S-Two.

2.1K 144 20
                                    

Minik ayakların sesi ormanda yankılanıyordu adeta. Koşması zordu çünkü kucağında daha bir yaşına yeni basmış kardeş vardı. Sırtında kocaman bir çanta vardı ama hayır bu hiçbir şeydi.

Kırılan dallar onun yerini belli eder diye uçarak gidiyordu sanki. Nefes nefese kalmıştı, kurdu artık yürümek istemiyordu. Acıkmıştı... Hem de çok.

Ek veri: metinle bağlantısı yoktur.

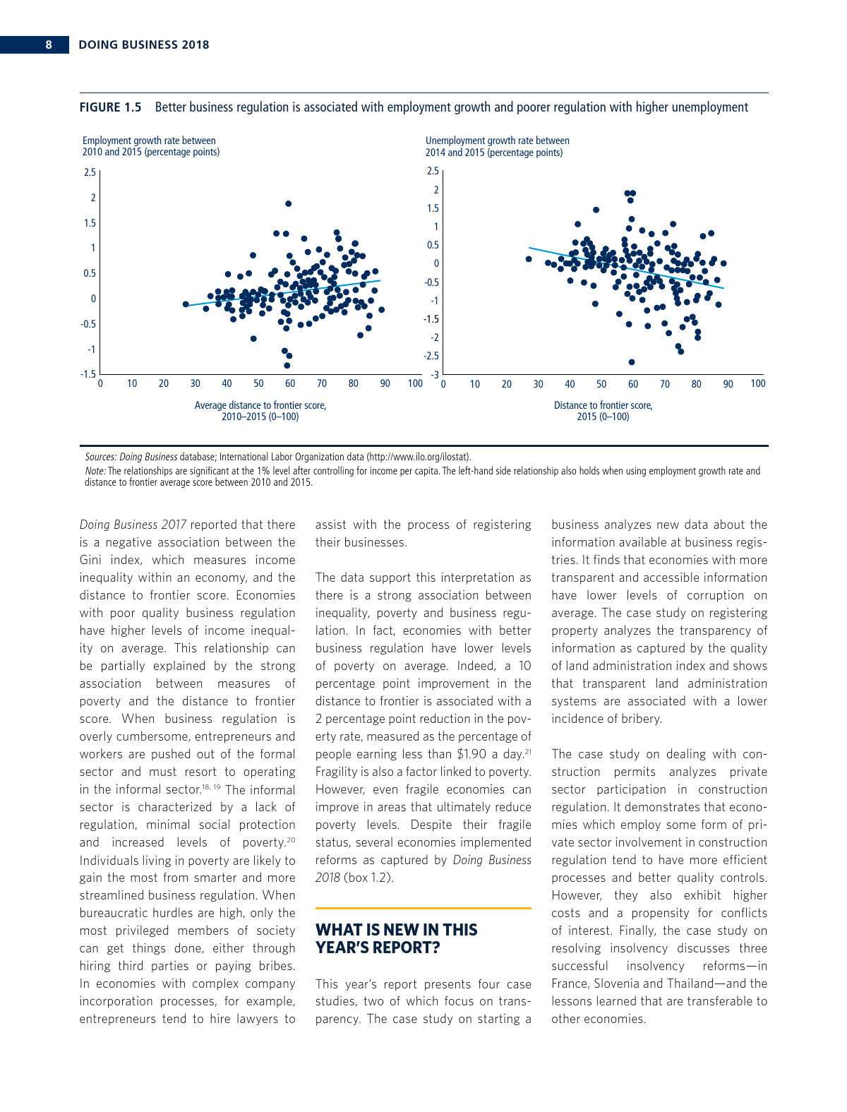 今年的报告包括两个透明度案例,这两个案例通过分析来自企业注册局和土地管理局的数据,发现信息比较公开透明的经济体腐败和贿赂程度也比较低。第三个案例是关于私营部门参与制定建筑条例的,该案例发现此类条例显示成本较高并具有利益冲突倾向。第四个案例介绍了法国、斯洛文尼亚和泰国的三项成功的破产改革及其可供其他经济体借鉴的经验。

"Gitmem gerekiyor değil mi? Annem öyle söyledi. Kaç dedi. Ben uyurken yanıma geldi... Kaçmalıyım. " minik sesi titreyerek çıkıyordu ağzından. Kocaman ağaçların altında gri gökyüzünde, bir nokta gibiydi. Ağlamak istiyordu, daha el kadarcık bedeni buna dayanamıyordu. Küçük kardeşi ve kendisi, yapayalnız kalmıştı.

---------

Terler içerisinde uyandı ve derin nefesler alırken gıcırdayan yatağının üzerinde doğruldu. Alnında, yüzünün yanından akan teri kolu ile silip Geri kaydı ve yatak başlığına yaslandı. Gözleri sakinleşmek adına odada geziniyordu. Hava daha yeni aydınlanıyor, kuşların cıvıldaması yeni yeni duyuluyordu. Daha sabah 6 gibi olması gerekiyordu.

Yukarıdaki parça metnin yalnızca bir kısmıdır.